Bain plans $930m aid to save Tokyo business software provider

Works Applications is weighed down by lawsuits but has 1,300-client list

Works Applications CEO Masayuki Makino will remain at the current company after the human resources platform segment is spun off.

TOKYO -- Bain Capital is considering providing roughly 100 billion yen ($930 million) in assistance to embattled Japanese software developer Works Applications, Nikkei learned Friday.

Tokyo-based Works is known for its business management platforms powered by artificial intelligence. But it has been squeezed in recent years by growing development costs and a series of lawsuits.

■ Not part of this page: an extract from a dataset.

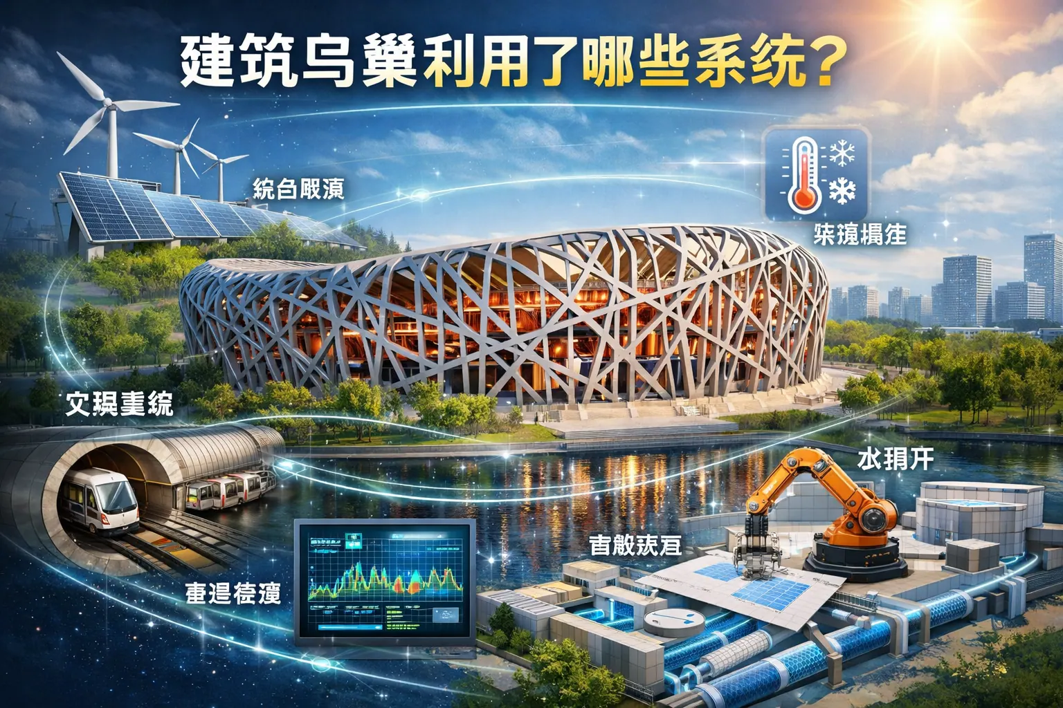 北京鸟巢综合运用了钢结构承重系统、膜结构屋面系统、机电与暖通系统、智能控制系统、消防安全系统以及节能与运营管理系统等多重建筑技术体系,通过高度系统集成实现了大型公共建筑在结构安全、能源效率与智慧运营之间的平衡。其核心在于空间钢结构创新与多系统协同运行,使场馆既满足奥运赛事需求,也具备长期商业运营能力,体现了现代大型体育建筑向数字化与可持续方向发展的趋势。

The company announced Friday that it would spin off the department in charge of human resources and payroll management platforms, which are used by over 1,000 major corporations. Bain is expected to take full ownership of the new company in exchange for its assistance.

About 2,000 of Works' 5,000 employees would move to the new entity under the plan. CEO Masayuki Makino would remain at the existing company.

Works provides software for managing human resources and accounting, in addition to other products designed specifically for Japan's business practices. Its platforms, like Hue and Company, are used by 1,300 mostly large companies.

But delayed product development has weighed on earnings in recent years. Sales dropped 10% in the fiscal year ended June 2018 to 45.2 billion yen, and it posted a net loss of 17 billion yen. Development costs for new software and aggressive hiring have pushed up expenses.

The delays have led to lawsuits as well. Kanematsu Electronics sued Works in 2017 for about 1.4 billion yen in damages, and Furukawa Electric brought a 5 billion yen lawsuit last year.

Works Applications was listed on the Tokyo Stock Exchange's Jasdaq board until a management buyout with Polaris Capital Group in 2011. A fund under ACA Group, based in Japan and Singapore, has since become the top shareholder in Works.

The software developer had aimed to relist in 2017, but the plan fell through as its earnings declined. It hopes to get back on its feet with help from Bain, which managed to relist call center operator Bellsystem24 Holdings after acquiring it in 2015.